### Exercise material

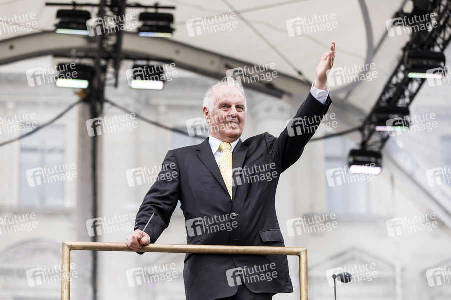Daniel Barenboim beim 'Staatsoper für alle 2019' Event mit den Sinfoniekonzerten 'Felix Mendelssohn Bartholdys Violinkonzert e-Moll' und 'Johannes Brahms zweiter Symphonie' mit der Staatskapelle Berlin live auf dem Bebelplatz. Berlin, 16.06.2019
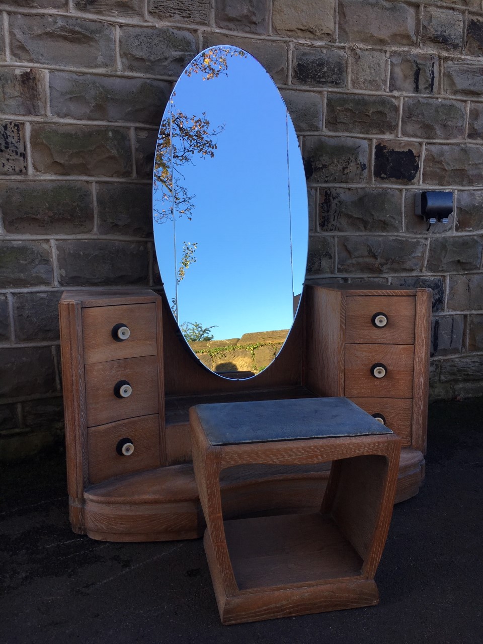Art Deco Limed Oak Dressing Table & Stool
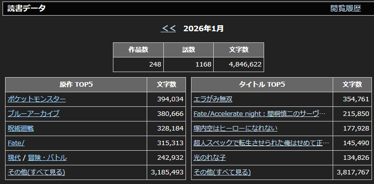 1月中に更新された長編連載作品で既に本サイトで紹介した現行作品は除外。
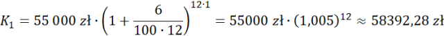 Na lokatę o sześcioprocentowym w skali roku oprocentowaniu ojciec Zuzanny wpłacił 55 000 zł. Z kapitalizowanych co miesiąc odsetek ma być przelewane 200 zł kieszonkowego na konto jego córki. Oblicz, o ile więcej pieniędzy mogłoby znaleźć się na koncie ojca, jeśli nie wypłacano by tego kieszonkowego.
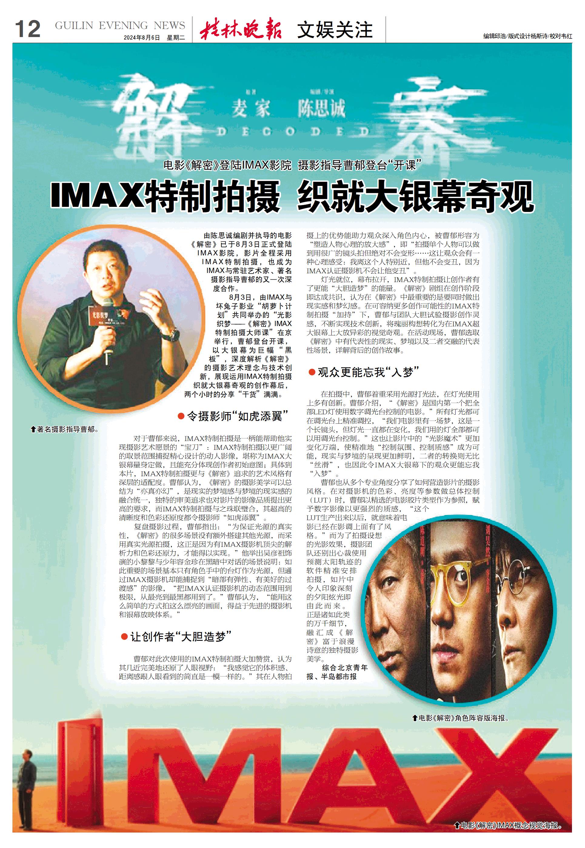 由陈思诚编剧并执导的电影《解密》已于8月3日正式登陆IMAX影院,影片全程采用IMAX特制拍摄,也成为IMAX与常驻艺术家、著名摄影指导曹郁的又一次深度合作。
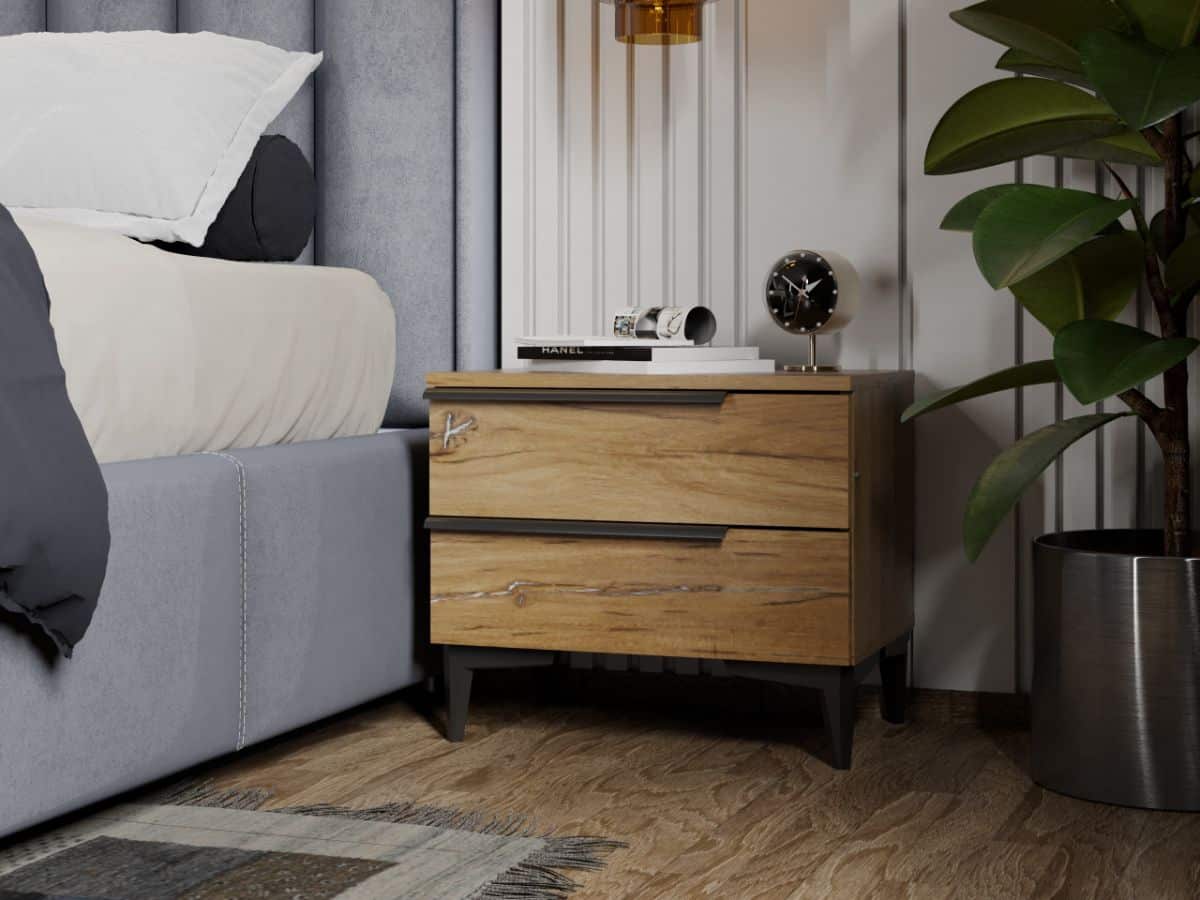 Set Mobila Dormitor Beverley tapitat Un dormitor matrimonial ce are un aspect modern , imbinand finisajul Flagstaff Oak cu manerele si picioarele negre , creand un ambient cald si primitor. Dulapul cu 4 usi are dimensiuni generoase. Restul corpurilor de mobilier, comoda si noptierele, ofera la randul lor spatii de depozitare in completarea dulapului, prin sertare . Corpuri Set Mobila Dormitor Beverley tapitat Dulap – L 165 x A 52 x H 204cm – Schita Montaj Compartimentat cu 8 polite si o bara de umerase. Pat Blanco Fix Tapitat Gri – L 180 x A 220 x H 109,5cm– Schita Montaj Comoda – L 111 x A 40 x H 80cm – Schita Montaj Cu 3 sertare. Set noptiere – L 51 x A 35 x H 44cm – Schita Montaj Fiecare cu cate doua sertare. Corp sertare (optional) – L 80 x A 37 x H 34cm – Schita Montaj Cu doua sertare. Livrare Gratuita prin flota proprie Suntem producatori de mobilier Toate corpurile au o garantie de 2 ani Pat Blanco Fix Tapitat Gri Pat Blanco Fix Tapitat Gri are un design modern si elegant, datorita stofei de culoare gri, a picioarelor argintii, cat si datorita formelor simple si armonioase ale tabliei. Tapiteria produsului este din stofa gri. Salteaua compatibila este de 160×200 cm , intra intre lateralele patului si nu este inclusa in pret. Dimensiuni: Latime: 180 cm Latime tablie: 177 cm Adancime: 220 cm Inaltime: 109.5 cm Inaltime picior: 4 cm Inaltime sezut fara saltea: 36 cm Salteaua intra in cadrul patului 7 cm Grosime laterale: 10 cm Set Mobila Dormitor Beverley tapitat O solutie ideala pentru un dormitor matrimonial. Corpurile din Set Mobila Dormitor Beverley tapitat sunt realizate din PAL melaminat de 16 mm cu finisaj Flagstaff Oak , care creeaza un spatiu primitor si un ambient cald. Cantul aplicat este unul de 0,6 ce le permite muchiilor sa fie placute la atingere fiind finisate si atent retusate. Pretul afisat nu include alte accesorii sau obiecte de decor (tablouri, elemente de iluminat, asternuturi, covor etc.) Produsul se livreaza demontat si este insotit de accesorii si instructiuni de asamblare. Dimensiunile sunt exprimate in cm si pot oscila intre ± 10 mm.

######

*What this task involves:* Restate word for word each line from the top of the listing down to and including the line that holds "由陈思诚编剧并执导的电影《解". Drop any pictures.

*Output:*
Daniel Barenboim beim 'Staatsoper für alle 2019' Event mit den Sinfoniekonzerten 'Felix Mendelssohn Bartholdys Violinkonzert e-Moll' und 'Johannes Brahms zweiter Symphonie' mit der Staatskapelle Berlin live auf dem Bebelplatz. Berlin, 16.06.2019
Art Deco Limed Oak Dressing Table & Stool
 1月中に更新された長編連載作品で既に本サイトで紹介した現行作品は除外。
 Na lokatę o sześcioprocentowym w skali roku oprocentowaniu ojciec Zuzanny wpłacił 55 000 zł. Z kapitalizowanych co miesiąc odsetek ma być przelewane 200 zł kieszonkowego na konto jego córki. Oblicz, o ile więcej pieniędzy mogłoby znaleźć się na koncie ojca, jeśli nie wypłacano by tego kieszonkowego.
 由陈思诚编剧并执导的电影《解密》已于8月3日正式登陆IMAX影院,影片全程采用IMAX特制拍摄,也成为IMAX与常驻艺术家、著名摄影指导曹郁的又一次深度合作。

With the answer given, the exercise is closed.